Christian Kerr writes:


A clear majority of Australians consider Aboriginal culture to be an
important part of society, according to a special international study on social
issues conducted by Roy Morgan Research.

69% (up 5% from 64% in 2000) of Australians aged 14 and
over agree with the statement “Aboriginal culture is an essential component of
Australian society”.

In contrast, Morgan finds, only 58% per cent of New Zealanders (up 9%
from 2000) agree with the statement “Maori culture is an essential component of
New Zealand society”.

Morgan notes that Aboriginal people and
Torres Strait Islanders account for 2% of Australia’s
population, while Maori make up 15% of New Zealand’s population.

Is this romanticising of a small minority
of the population? Is it an example of respondents giving pollsters the response
that they feel they should give, rather than the response they would like to
give? Is it purely a nod of acknowledgement to Aboriginal mythology? Or is it
actually a hopeful sign?

“The arrival of governor Arthur Phillip and
the First Fleet and successive generations had devastating consequences for
Aborigines,” Pat Dodson says in The Australian today.
“The dispossession of our lands and the denial of our sovereignty resulted in
the destruction of our indigenous economy and undermined our community
authority.”

For the last ten days we have been witnessing the consequences of that loss of authority.

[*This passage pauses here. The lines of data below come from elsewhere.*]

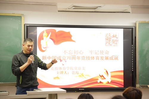 为落实中央“不忘初心、牢记使命”主题教育学习总要求,按照校党委关于主题教育的部署方案,Beat365唯一官方网站领导干部讲党课活动于10月30日上午10时开始第一讲。本期党课由Beat365唯一官方网站党总支书记(兼)、院长苍海主讲,题为《新中国成立70周年竞技体育成就》。我校第二指导组王玉倩老师以及Beat365各党支部书记、党员和入党积极分子代表参加本次主题教育。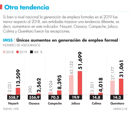 *Colima pasó de de 3,501 a 4,018 empleos generados *Seis estados libran declive en generación de empleos: Nayarit, Oaxaca, Campeche, Jalisco, Colima y Querétaro, únicos en incrementar su mercado laboral formal en el 2019.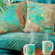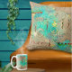 Turquoise And Golden Ancient Wisdom Boho Cushion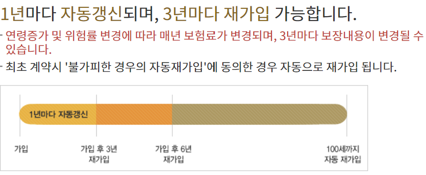 - 보장내용 변경주기는 보험가입 후 보장내용의 변경없이 자동으로 갱신되는 최대기간을 의미하며 보장내용 변경주기 종료 이후에는 회사가 정한 재가입절차에 따라 보험을 가입하여야합니다.
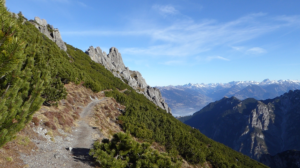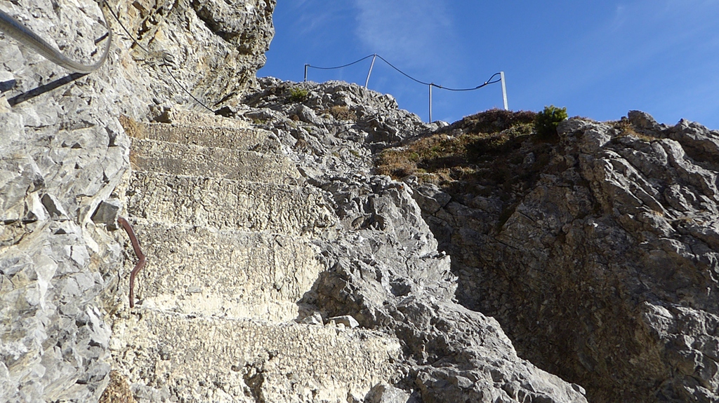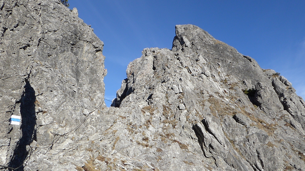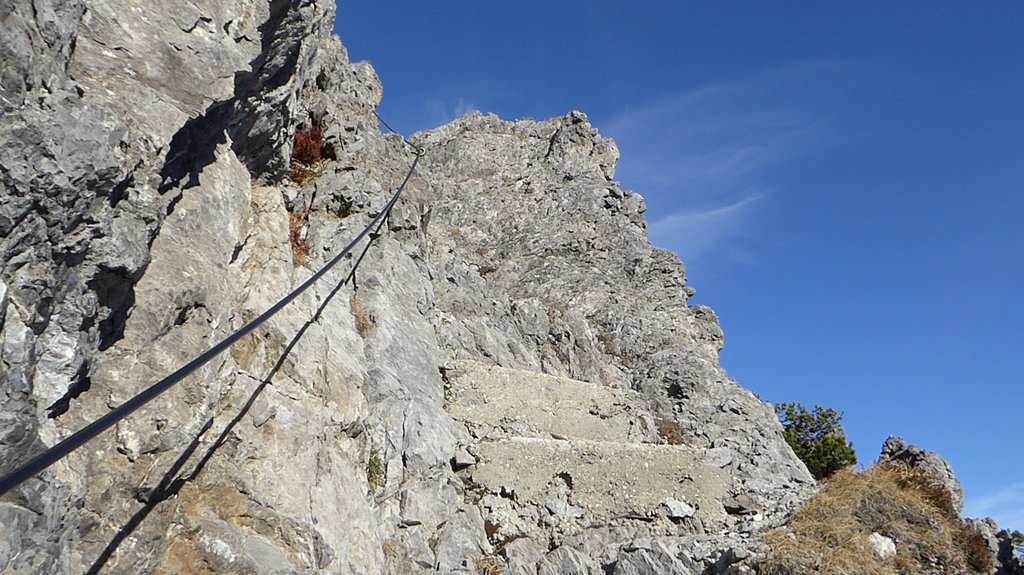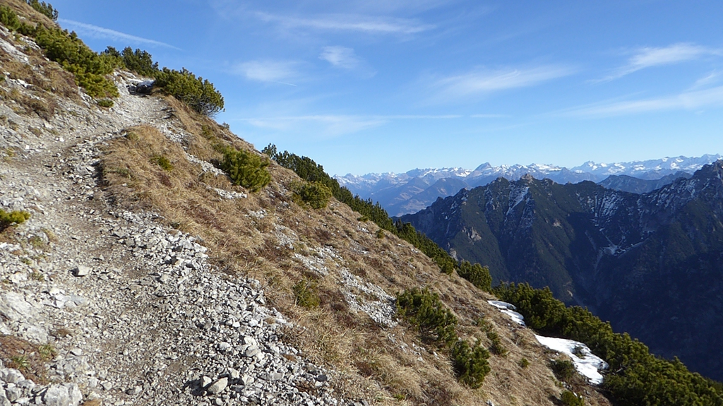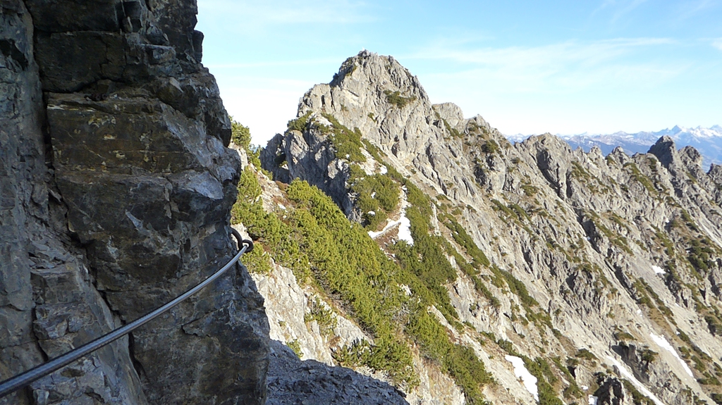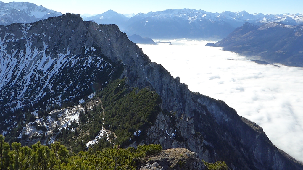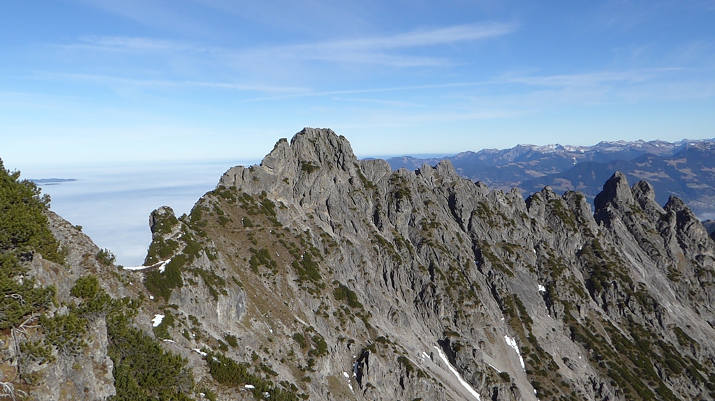 Die Aussicht vom Kuegrat ist ebenfalls beeindruckend. Wir gehen weiter auf der Ostseite weiter zum nächsten Gipfel. Diese Seite ist steil und liegt im Schatten, so dass der Abstieg bei Schnee vorsichtig zu bewältigen ist. Unten angelangt geht es kurz geradeaus, bevor es erneut steil hinauf zum Garsellakopf (2.105 m) geht. Über hohe (betonierte) Stufen erfolgte der sehr steile Felsaufstieg. Oben angekommen betteln einige Dohlen um Futter und Krümel und die Drei Schwestern sind mit 30 Min. angegeben.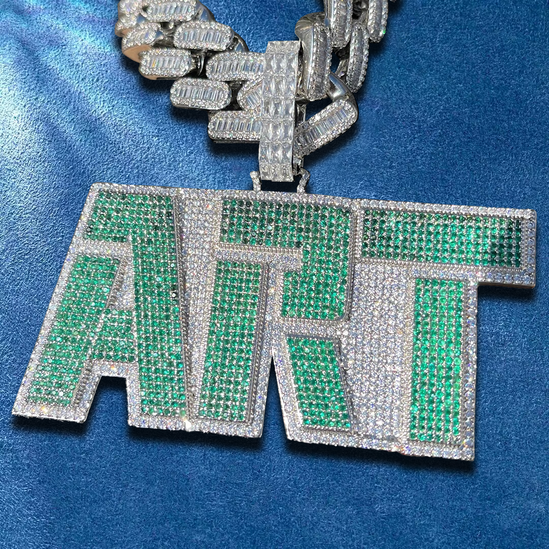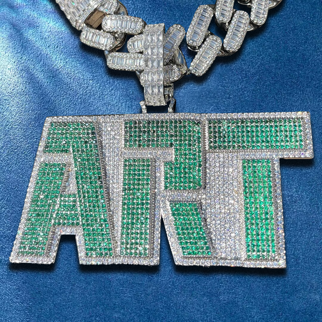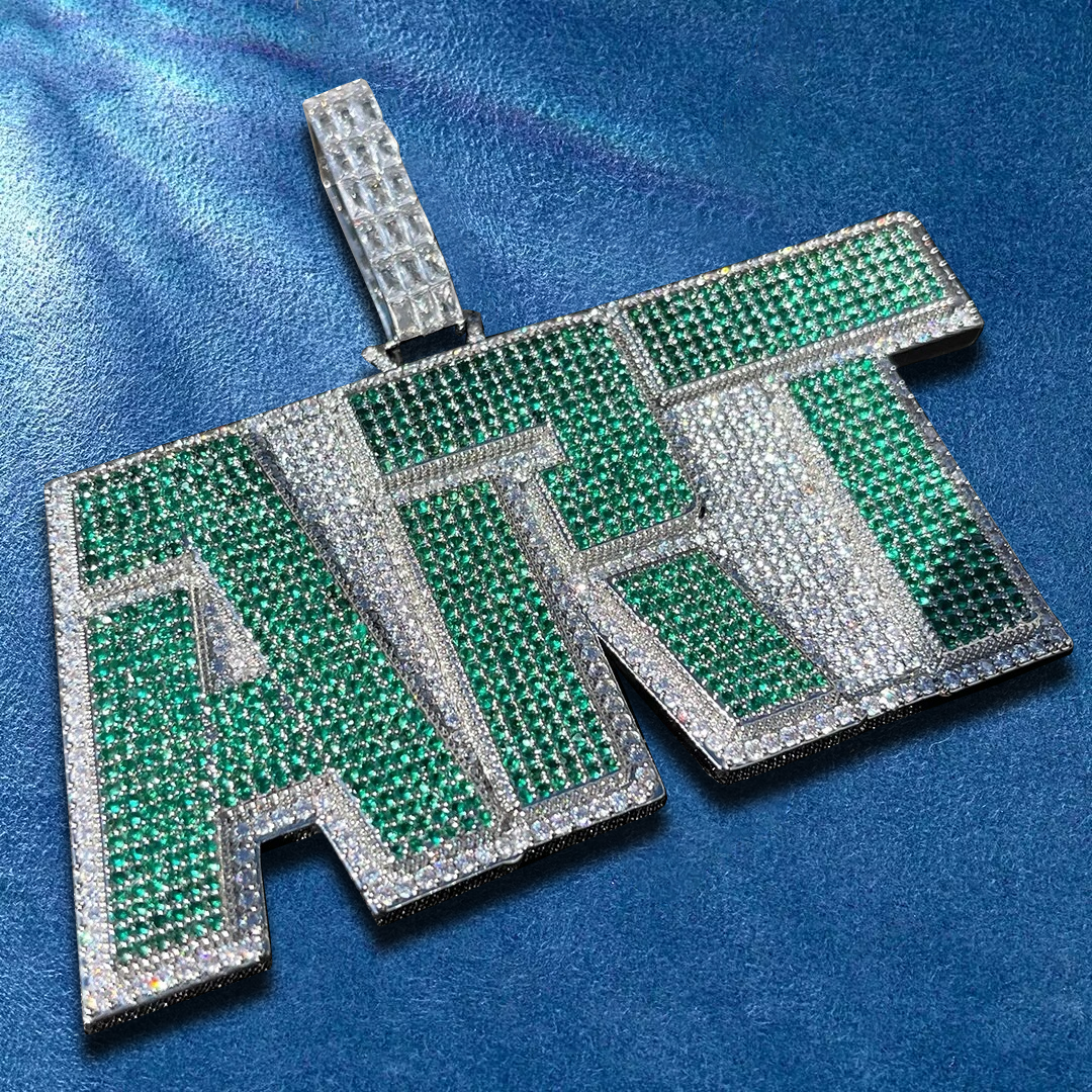 Custom Iced Out Two Layer Emerald Colorful Letter Hip Hop Pendant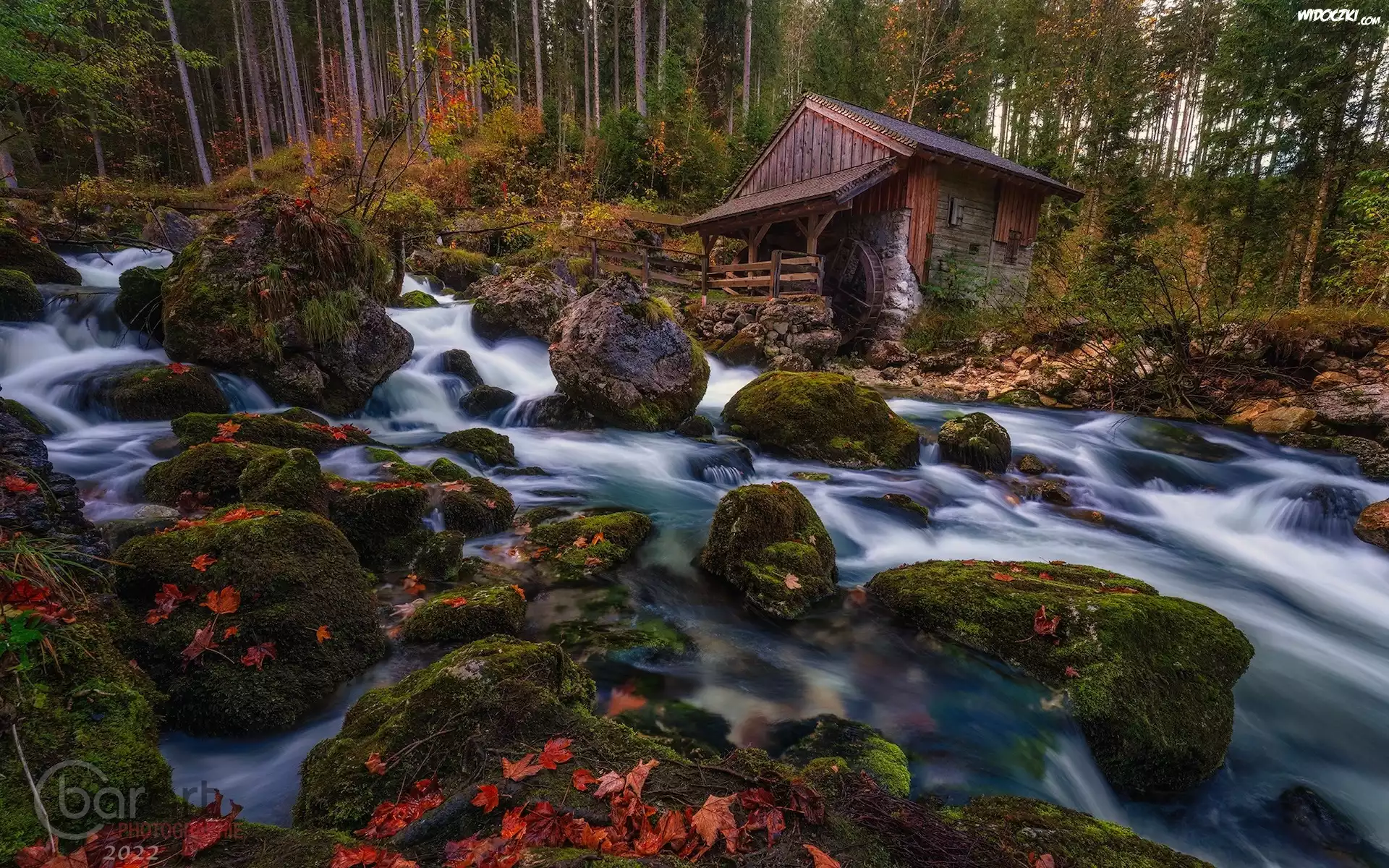 Zdjęcia, Młyn wodny, Rzeka, Las, Kamienie, Omszałe, Liście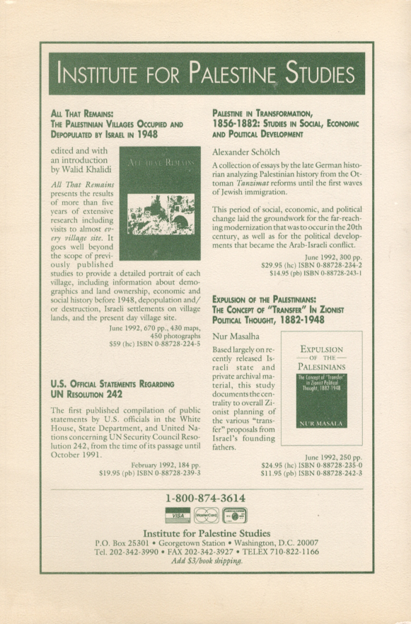 Published/Created: Beirut : The Institute for Palestine Studies and Kuwait University, 1992.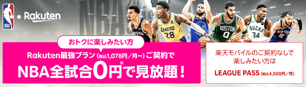 楽天モバイルの「Rakuten最強プラン」および「Rakuten最強プラン(データタイプ)」を契約しているすべての方は、「NBA Rakuten」の「NBA LEAGUE PASS for 楽天モバイル」が無償提供されます。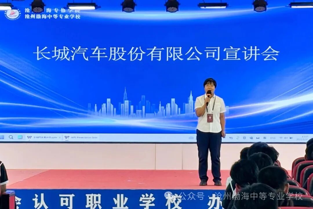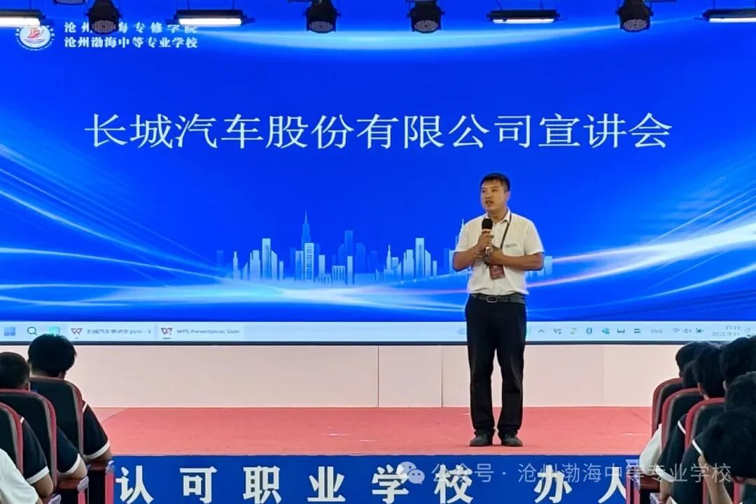 9月16日下午,长城汽车股份有限公司来我校进行企业宣讲。长城汽车股份有限公司的校企合作对接人乔经理亲临现场,为一年级汽修专业的新生进行行业介绍。此次活动不仅加深了学生们对汽车行业的认知,更激发了他们投身汽修事业的热情与决心。学前汽修兼计算及会计系系主任赵宏磊、教师梁超出席此次宣讲会。中专部汽修专业25级班主任和同学们在会场认真聆听。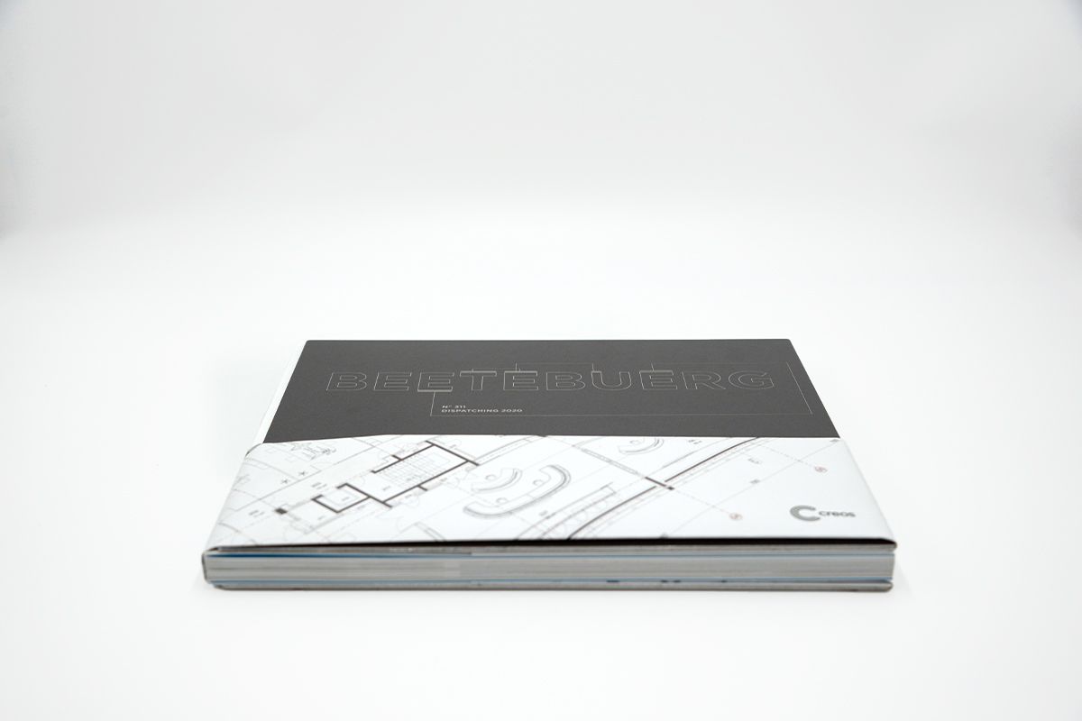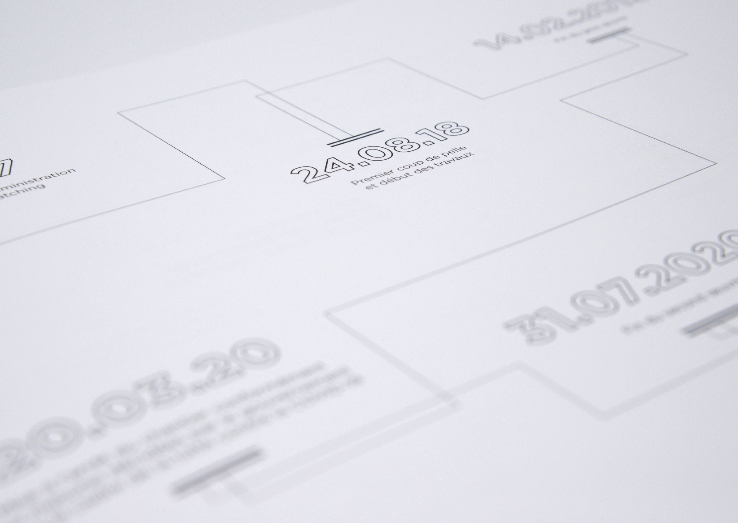 Compose a limited edition photo book (300 copies) documenting the construction of the new dispatching building in Bettembourg. The hardcover book contains various interviews, plans and explanations of the construction project, and the imagery used in dispatching is graphically processed to illustrate the information clearly and in a modern way.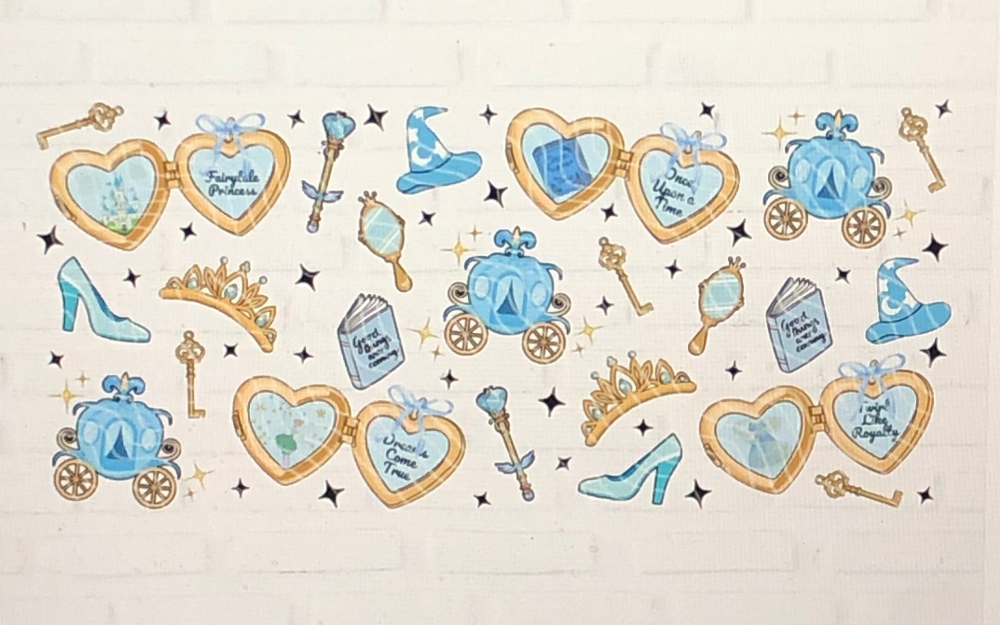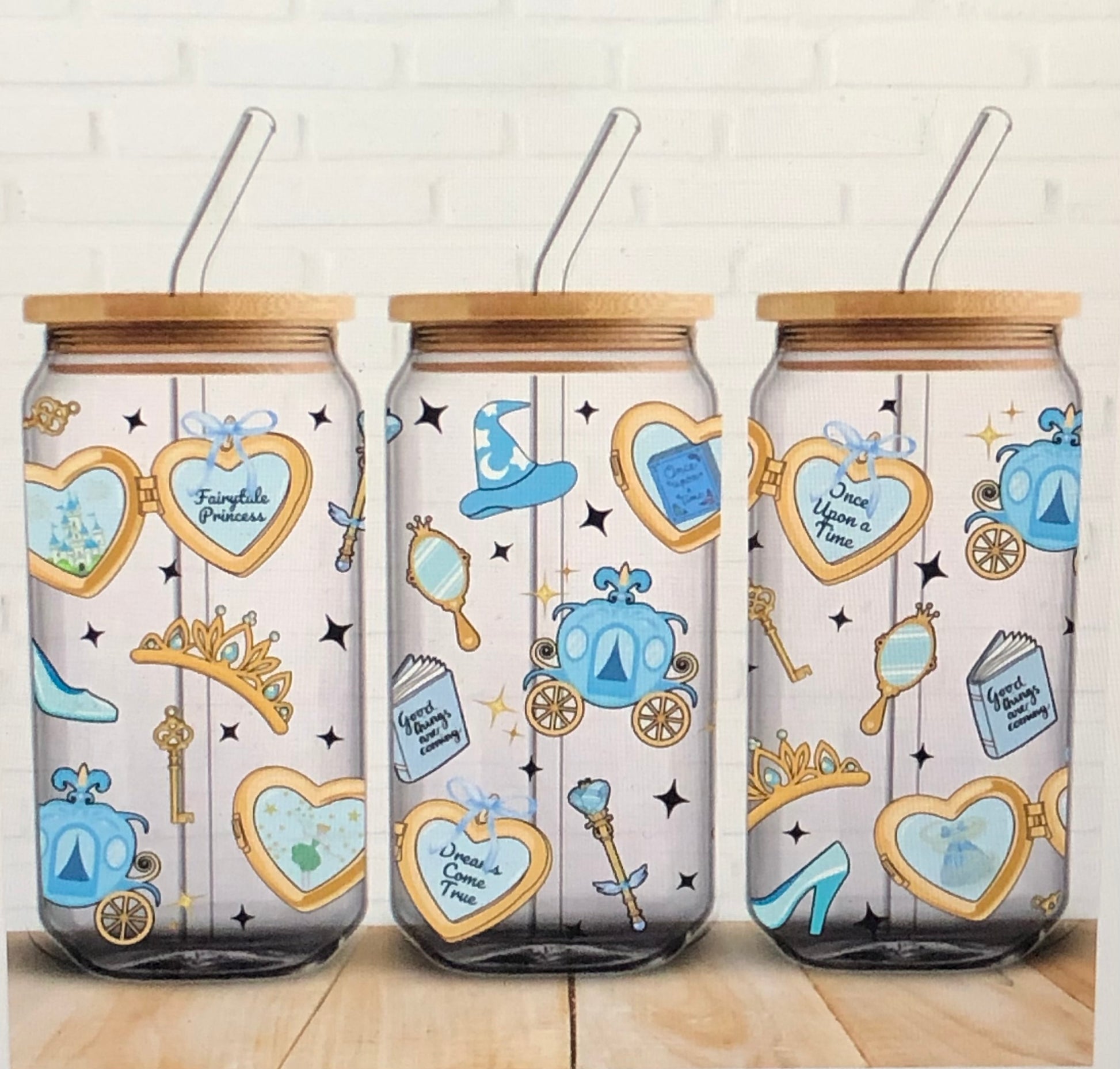 This Fairytale Princess Glass Tumbler is perfect for anyone who loves whimsical, storybook-inspired designs. Adorned with enchanting details like glass slippers, tiaras, carriages, and spell books in dreamy pastel blue and gold tones, this cup is the ultimate companion for your favorite beverages.

“Despite the horrors exposed in the [Stolen
Generations] report, as a nation we proved incapable of confronting our past
and dealing with its consequences,” Dodson continues. “That failure alone
should have seen us condemned for a lack of courage and a denial of justice… It
is at an ontological level concerned with unresolved tensions that arise at the
social and cultural interface with mainstream society. Certainly, it is
compounded by the loss of social capital in trying to establish a true dialogue
about the cause and origin of the perceived social disintegration of my people.”

This is a matter of
social capital. It is a matter of giving Indigenous Australians the power to
rebuild their communities. The Government has
been unremitting in its insistence that traditional law cannot override the
laws that apply to other Australians. Social capital depends
on respect for legitimate authority. Does Morgan show we recognise the cultural
power Indigenous leaders can wield to help their people?